Any analysis of the relevance, and therefore admissibility, of evidence must depend on a clear identification of the real issues in a case. In this case, even making the assumptions we have indicated in the appellant's favour, we accept the respondent's submission that Professor Baron-Cohen's evidence was at best of marginal relevance to any real issue at trial. The appellant's case, as we have said, was that he was unaware of the planned kidnaps and assaults before they happened, or while they were happening, and played no part in them. He gave evidence that he did not even see them happening and only found out about them when dining with Stoskus later on. It was not his case that he was told what was going to happen but naïvely failed to ask any questions or to oppose the plan. It was not his case that he had in some way been manipulated or misled into taking part in committing the offences. Professor Baron-Cohen's evidence could not be admitted on the basis that it might assist the appellant if the jury disbelieved his evidence but were hypothesising about a version of events which no one in the trial had suggested.
As to the submission that Professor Baron Cohen's evidence was admissible to support the appellant's evidence as to why he travelled to Staffordshire that night, and why he forwarded videos showing the commission of serious crimes, we share the view of the judge that it is unclear how that could be so.
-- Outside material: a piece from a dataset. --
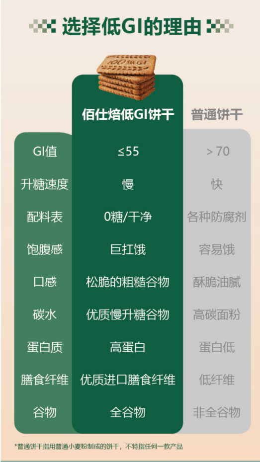 低GI无糖饼干:无糖✔高钙✔高膳食纤维✔高饱腹感
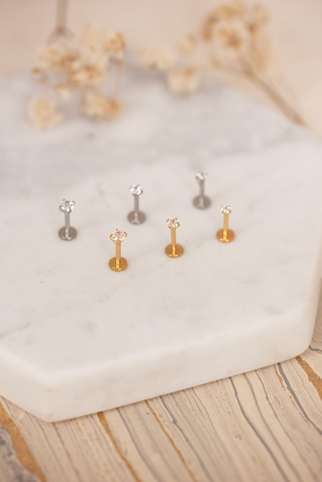 A tiny stud with a single round clear stone set at the front. Its clean design makes it versatile, perfect for the main lobe, upper lobe, helix, other upper ear piercings, or worn as a subtle nose pin.

The expert evidence could only be relevant to why the appellant might have been misled by a false account of the reason for wanting him in Staffordshire, but it could not help him on the fundamental issue of why Stoskus (who admittedly was intent on kidnap and violence) would want to trick the appellant into travelling a long distance in order to sit in his car, with a passenger who wanted to go to Stansted Airport, whilst on the appellant's account a violent attack took place just out of his sight. In other words, it seems to us that the challenge to the appellant's credibility related to the sheer implausibility of Stoskus bringing potential witnesses to the scene in that way, rather than relating to whether the appellant might have been more inclined than others to refrain from questioning Stoskus's proposal.
Plainly, Professor Baron-Cohen's evidence could not be relevant to the issue of whether the jury could be sure that it was the appellant who had filmed most of the videos subsequently found on Stoskus's phone.
In short, the relevance of Professor Baron-Cohen's evidence to the real issues in the case was at best marginal, and to admit it would have given rise to very substantial difficulties in the continuing trial of the three defendants. The suggestion on behalf of the appellant that the judge should at that stage have severed the appellant's case from those of his co-accused is, in our view, unrealistic. In those circumstances the judge was, in our view, clearly entitled and indeed correct to refuse the application to adjourn.
In fairness to the appellant, we have nonetheless considered whether there is any other reason why the judge's ruling may render the convictions unsafe. We are satisfied that it does not. The case against the appellant was very strong. The jury disbelieved his evidence. We can see no basis for suggesting that their decision might have been different if they had been aware of Professor Baron Cohen's opinion. This appeal accordingly fails and is dismissed.